その後の巡回では前述系列ホームセンターも含めて見あたらない。後部座席にくくりつけられたちび子もご機嫌ななめになってきたので5店舗目に立ち寄った大型電気店でちび子にジュースを購入してやり機嫌を取った。しかしこのジュースが後ほど悲劇を生むとはこの時思いもしなかった。
ここの大型電気店においても多数のレーダー探知機を扱っていたがお目当ての製品はなく最後の6店舗目前述系列ホームセンター「川中島店」へ向かった。
そこにはお目当ての製品が置いてあったのだが期間限定1月14日まで通常価格14800円より1000円引きの13800円というお値段で販売されていたのだ。こっ、これは『買い』ではないか・・しかしお金が足りるかどうか分からない。元々購入の予定ではなかったのだから。財布を開けて全財産を調べてみると13730円なのだ。70円足りない。あの時、ジュースを買わなければ・・・悔しさがこみあげた。
車のフロアマットの下などにはよく小銭が落ちているものである。またトランクの奥などにも転がっていることがよくあるのだ。なんせ以前乗っていたレガシイでは買い換えで下取りに出す前に掃除していたら車内から10万円出てきたのだ。北海道旅行の時に緊急用にとトランクの奥深くに隠しておいた現金を忘れてしまっていたのだ。
そんな経験則からも店舗駐車場で車内を引っ掻き回して探したがそういうときに限ってお金は出てこないのである。
「場所柄誰か知人でもいないか」とも思い周囲を見渡しても見たがそんなに都合良く知人がいるわけもなかった。
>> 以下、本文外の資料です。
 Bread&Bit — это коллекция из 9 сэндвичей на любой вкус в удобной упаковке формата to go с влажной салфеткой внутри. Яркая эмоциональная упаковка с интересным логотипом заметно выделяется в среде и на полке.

こうなったら弱そうな中学生を捕まえて『金貸してくれんかの〜』とか言って(カツアゲともいう)調達しようかとも考えたが、意外とその中学生が強くて逆に所持金13730円を巻き上げられても悲しいし、仮にうまく調達できたとしても買い物を終えて店を出たら駐車場にその中学生と警察官が一緒に待っていたりしたら70円で人生棒に振りかねないのでちょっとリスキーな方法なのでこれもやめておいた。
そのまま帰るべきか・・・期間限定1月14日までだが商品の性格上売り切れるということはないであろう・・が、後日出直しということになればガソリン代もバカにならない。なんせリッター150円オーバーですから。なんのための1000円引きなのか分からない。
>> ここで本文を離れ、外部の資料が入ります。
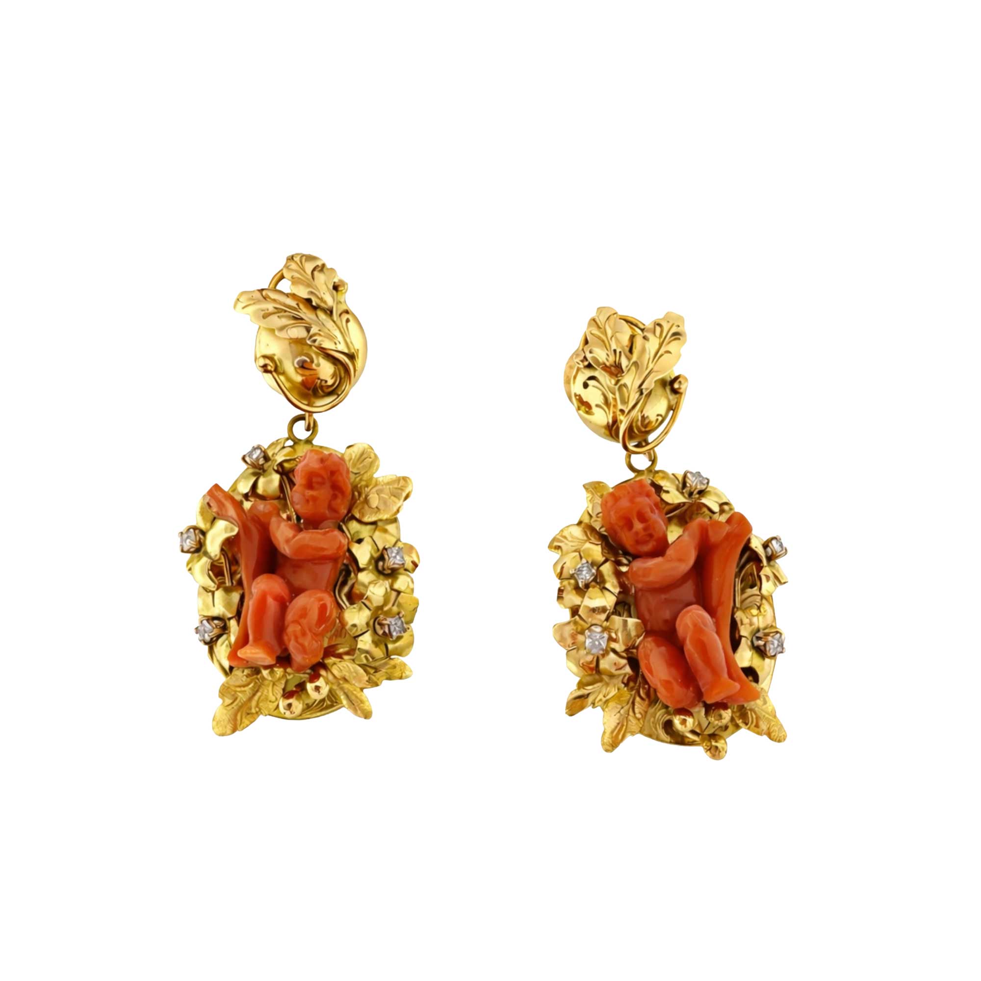 SKU: M442918-carat yellow gold earrings with engraved coral. Featuring a stud fastening and clips. 1970s. Total weight: 28 g.

さらにこのまま帰るようなことがあればアタマの中はこのことでいっぱいになるであろうからこのあとの乗務に差し支えが出る恐れがある。乗務中雑念は厳禁なのだ。これは列車の安全確保のためにも購入する必要があるのだ。
そしてある名案が思いついたのである。ここ、川中島といえば妻しな子の実家の近所である。しな子の実家に行って70円貸してもらえばよいのである。私は恥を忍んで行動に移した。
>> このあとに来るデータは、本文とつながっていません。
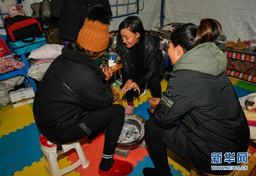 在西藏昌都市江達縣波羅鄉(xiāng)康扎西安置點,群眾在帳篷內取暖(11月11日攝)。 西藏自治區(qū)江達縣波羅鄉(xiāng)康扎西安置點,離波羅鄉(xiāng)政府直線距離約3公里,位于一處地勢開闊平緩的山谷中,比堰塞湖水面高出100多米。10月11日金沙江白格段山體滑坡發(fā)生后,當?shù)鼐驮谶@里設立了安置點,安置附近受災群眾。 新華社記者 劉東君 攝

実家に行くと私とちび子の2人でいきなり訪れたので「なんだなんだ」と義姉と義母が出てきた。そこで一言「すみませんが100円貸していただけないでしょうか・・」。小学生レベルの情けなさである。母上も娘の行く末にかなりの不安を感じたのではないだろうか。40過ぎの男が嫁の実家に100円借りに出向いたのだからその心中は察して余りあるものなのだがこの際列車運行の安全を確保するためには恥などと言っている場合ではないのだ。
こうして無事に100円を借り受け再度来店をして購入にこぎ着けるのであった。帰宅して昼食を摂ると直ちに取り付け作業である。きれいに配線も回して上手に取り付けたのであったが、近所にオービスなどは無く、その性能を確かめることが出来ないのはなんとも悲しい気分なのであった。
早くどこか遠くに出かけたい。春はまだなのか?雪深い信州の寒村(ってわけじゃないけど)より春を待ちわびる日々が続きそうなのであった。